Exhibit B: Sometime between 8th and 9th grade
This lovely headshot was taken when my friend Lori W. and I went to visit her older sister in College Station. The sister--Rhonda--was like this perfect female specimen, and was in a sorority and so damn cool that all I wanted to do was be cool too. Apparently I missed the mark somewhat. Yes, I was sort of making that smirking face on purpose, but can we talk about what else was going on here? My hair is just bad, bad, bad. One side's doing its own thing while the other is on another planet. And then there are the bangs. God.
The eye makeup is epic. The braces are just plain scary. And thank GOD I finally grew into that nose of mine.
The outfit I'm wearing was this "sweater dress" that was winter white. I remember it costing a lot of money--like $80 or something--and I'd bought it to wear to my uncle's wedding. Clearly the neck is stretched out, and what was with that gold chain?
Oh yeah: The 2nd pair of earrings in each ear. I'd just gotten that second hole done in each ear, and boy did I think I was rad.

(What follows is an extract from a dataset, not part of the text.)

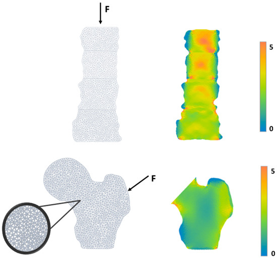 Examples of lumbar and femur BSI analysis: The BSI calculation uses Finite Element Method (FEM). The FEM analysis generates a 2D model of the bone segment starting from the bone segmentation, carried out by the DXA software (v5.6). A patient-specific load is applied to each 2D model, divided into triangular elements (mesh). Based on the density distribution, the bone strain is calculated at each geometric element of the mesh. BSI represents the average equivalent strain inside the bone, with the assumption that a higher strain level (high BSI) indicates a more significant risk condition [3,14].

So there you have it. This is just the tip of the iceberg people. If I wanted to, this whole blog could turn into "embarrassing shit from Karla May's life" including photos, poetry, letters, locker notes, diary entries, etc. I mean, there's enough material there to go on for decades.

Maybe some day soon I'll post what I think are the BEST photos and the BEST things I've ever written, etc.

But probably not. Because you're all sick freaks, and you want to see the dorkalicioius side of Karla May. Come on...admit it.

7 comments:

Badger said...

I admit it.

Oh, and DUDE! My DH is from Bossier City! That's not him in the photo, though. Oh, AND my first poodle perm, which you have seen, was also from JC Penney and inflicted upon me by my misguided mother!

Can we form a support group or something?

Jules said...

GAME ON!

But probably not posted until tomorrow.

La Turista said...

In 18 years, how have I never seen that 6th grade picture?! You must have really hidden that shit in a deep dark hole because I have never seen anything from that period. Whoa. And I'm still waiting for a witty comment about my lovely photo ...

Bookhart said...

There must be a whole club of us out there who had bad perms in 6th and 7th grade. I'm still looking for my worst one--I think I'll have to resort to the yearbook one.

kristen said...

Bad perm. Executed by the beauty salon in Kerrville, Texas. Forced on me by my mother. An entire group of "Mean Girls" cornered me at my locker and the meanest of the mean, Angela Drower, sneered, "Nice hair". I ran into her 5 years later when I breezed into Church's chicken with some boarding school chums. She was running the fryer, covered in grease & matching acne.

I was driving a Jaguar (my brother's - but still...)

Karla said...

dude, Im telling you right now that it is unfair to make a woman with not only fierce Thailand butt guppy AND the period from hell but also a sunburn laugh while reading your DORKY ASSED BLOG.

Because the following things happen when I laugh: The sunburn hurts, the butt guppy...guppies, and the period starts a flowin. So cut it out, Im a hurtin, fartin, flowin mess over here....

Karla )who canät find the goddamn apostrophe on this godamn computer goddamnit. Nor can she find any tampons but OB and we all know how much THOSE suck.....

amamgets said...

Could Rod's shorts be any shorter? Them things're illegal in Arkansas.